**EXTRACTED MATERIAL**
*****
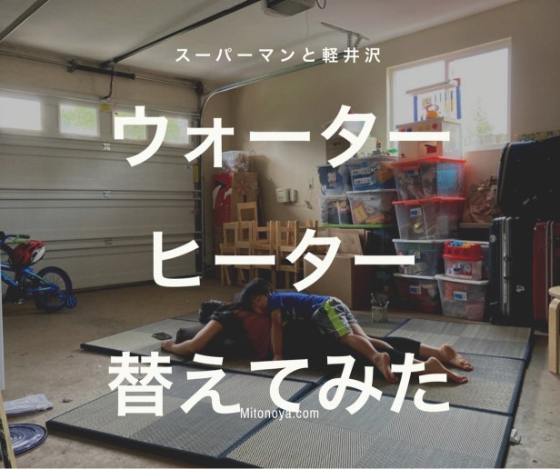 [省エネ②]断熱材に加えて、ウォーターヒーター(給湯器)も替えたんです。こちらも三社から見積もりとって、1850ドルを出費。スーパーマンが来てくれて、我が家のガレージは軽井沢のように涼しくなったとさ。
*****
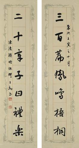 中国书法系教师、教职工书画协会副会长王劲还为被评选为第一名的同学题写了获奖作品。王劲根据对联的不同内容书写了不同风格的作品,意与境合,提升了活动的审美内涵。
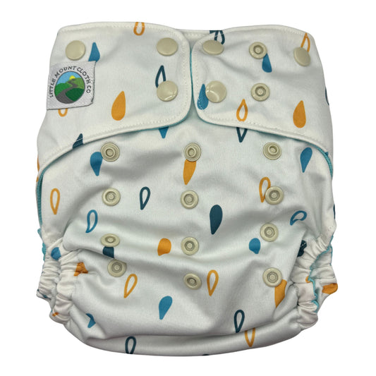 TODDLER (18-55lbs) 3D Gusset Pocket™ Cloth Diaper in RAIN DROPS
*****
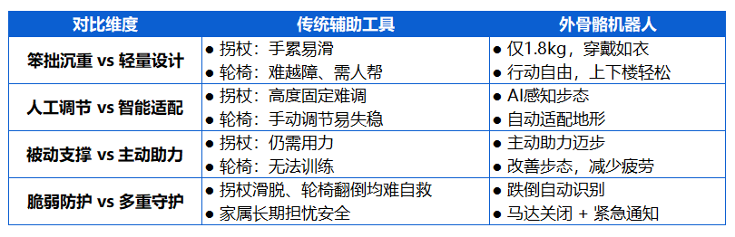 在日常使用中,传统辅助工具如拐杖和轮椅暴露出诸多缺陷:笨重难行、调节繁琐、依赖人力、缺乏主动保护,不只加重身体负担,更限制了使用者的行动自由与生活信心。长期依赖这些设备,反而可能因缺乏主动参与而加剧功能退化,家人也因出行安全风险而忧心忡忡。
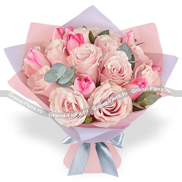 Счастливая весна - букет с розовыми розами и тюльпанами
*****
**WORK ORDER**
The lines above from the line with "中国书法系教师、教职工书画协" through the line with "TODDLER (18-55lbs) 3D" are to be given again word for word, with no pictures among them.

**ANSWER BOX**
 中国书法系教师、教职工书画协会副会长王劲还为被评选为第一名的同学题写了获奖作品。王劲根据对联的不同内容书写了不同风格的作品,意与境合,提升了活动的审美内涵。
 TODDLER (18-55lbs) 3D Gusset Pocket™ Cloth Diaper in RAIN DROPS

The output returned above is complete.